→ Stored data:
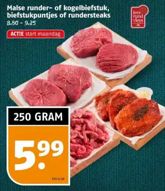 Malse runder- of kogelbiefstuk, biefstukpuntjes of rundersteaks korting bij Poiesz
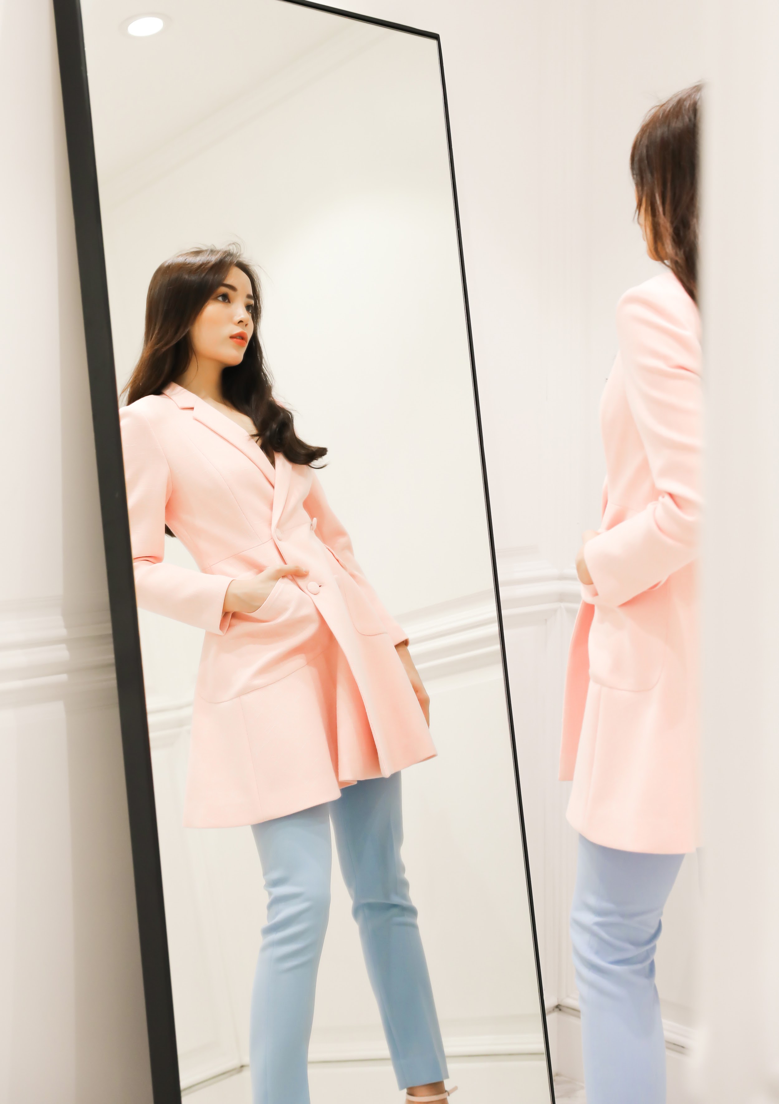 Mẫu thiết kế mang đậm hơi thở của hình ảnh những cô gái giữa lòng Paris, nơi Đỗ Mạnh Cường từng theo học ngành thiết kế và làm việc cho những nhãn hàng danh tiếng. Sự tối giản được nhà thiết kế họ Đỗ phát huy tích cực trong các mẫu thiết kế của mình.
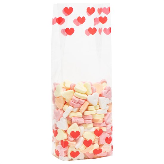 Prigta - Sacs en papier - 50 pièces - 10x16 cm - blanc avec coeurs rouges - 40 gr/ m2 / sacs cadeaux
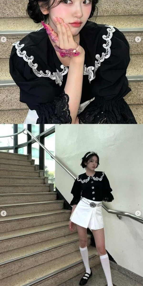 사진 속 안유진은 핑크 톤의 아이섀도와 블러셔로 달콤한 분위기를 연출하며 과즙미 넘치는 매력을 발산하고 있다. 또한, 날카로운 눈빛과 입가선으로 '만찢녀' 같은 압도적인 비주얼을 선보이며 팬들을 매료시킨다.
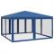 Tente de fête avec 8 parois latérales en maille bleu 4x4m PEHDCette tente de réception super cool, avec un cadre en fer robuste, un toit résistant à l'eau et huit parois latérales en maille, est un abri idéal contre le soleil. Matériau de qualité supérieure : cette tente de jardin est fabriquée en polyéthylène haute densité (PEHD) qui vous protège de la lumière directe du soleil et permet suffisamment de vent. La PEHD est spécialement traitée, elle est donc également résistante à l'eau.Cadre en fer : le cadre en fer de cette tente de jardin assure robustesse et stabilité.Design pratique : la tente est dotée de huit parois latérales en filet, qui vous protègent des insectes gênants. Et l'une des parois latérales est dotée de 2 fermetures à glissière pour une entrée et un accès facile.Larges applications : cette tente d'événements est un choix idéal pour un large éventail d'événements en plein air, tels que des spectacles, des mariages, des fêtes, des barbecues, des festivals, etc. Bon à savoir :Ce produit ne doit JAMAIS être utilisé par mauvais temps, tel que vent fort, pluie abondante, neige, tempête, etc. Tenez les enfants et les animaux domestiques à l'écart de la zone d'assemblage jusqu'à ce que le travail soit terminé. Certaines pièces peuvent présenter des arêtes vives, portez des gants de protection si nécessaire. Le gazebo doit être positionné et fixé uniquement sur une surface plane et horizontale. N'essayez pas d'assembler le gazebo dans des conditions venteuses ou humides. Ne placez pas votre gazebo dans une zone exposée à un vent excessif. Si vous utilisez des outils électriques ou une échelle, suivez toujours les instructions de sécurité du fabricant pour éviter les blessures. NE PAS utiliser de flammes nues dans le gazebo ou à proximité du pavillon. Les objets chauds tels que les grils récemment utilisés, les chalumeaux, etc. ne doivent pas être entreposés dans le pavillon de jardin. Assurez-vous que l'abri de jardin est conforme aux normes de construction locales. Fixez le pavillon à l'aide des chevilles fournies.
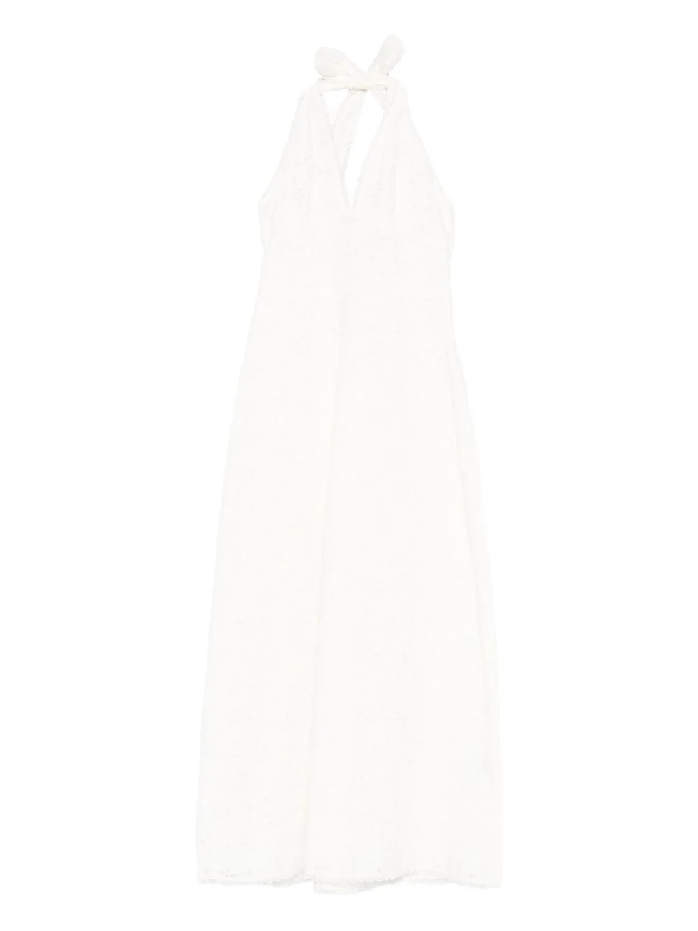 Salma halterneck midi dress Highlights - White - V-neck - Midi length - Halterneck - Tie fastening Imported Composition Outer: Cotton 100%, Polyester 100% Lining: Cotton 100% SIZE & FIT Model measurements Height 5 ft 9 in(1.76 m) Bust/Chest 31.88 in(81 cm) Hips 35.43 in(90 cm) Waist 24.8 in(63 cm) Washing instructions Machine Wash
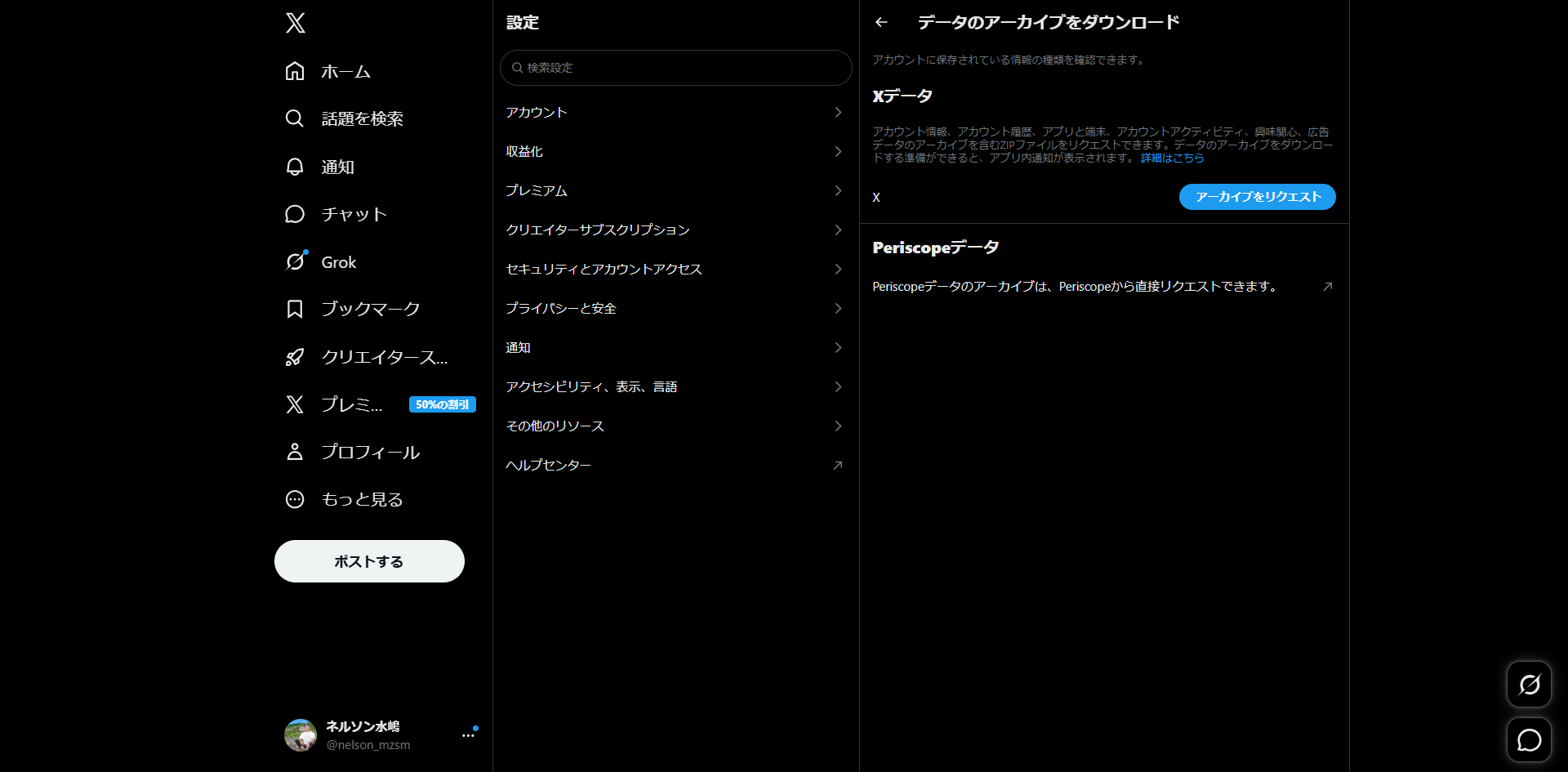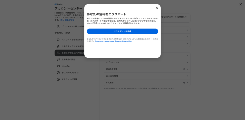InstagramとFacebookは同じメタ社が運営しているので、Facebookのアカウントセンターの設定からいろいろとリクエストできます。Xの方も同じく、設定画面からリクエストが可能です。当たり前ですが、対象にはTwitter時代の投稿も含まれています。

→ Instructions for the task:
Starting with the first line of the data above and ending with the line containing "사진 속 안유진은 핑크", please restate every line exactly, leaving images out.

→ Task solution:
 Malse runder- of kogelbiefstuk, biefstukpuntjes of rundersteaks korting bij Poiesz
 Mẫu thiết kế mang đậm hơi thở của hình ảnh những cô gái giữa lòng Paris, nơi Đỗ Mạnh Cường từng theo học ngành thiết kế và làm việc cho những nhãn hàng danh tiếng. Sự tối giản được nhà thiết kế họ Đỗ phát huy tích cực trong các mẫu thiết kế của mình.
 Prigta - Sacs en papier - 50 pièces - 10x16 cm - blanc avec coeurs rouges - 40 gr/ m2 / sacs cadeaux
 사진 속 안유진은 핑크 톤의 아이섀도와 블러셔로 달콤한 분위기를 연출하며 과즙미 넘치는 매력을 발산하고 있다. 또한, 날카로운 눈빛과 입가선으로 '만찢녀' 같은 압도적인 비주얼을 선보이며 팬들을 매료시킨다.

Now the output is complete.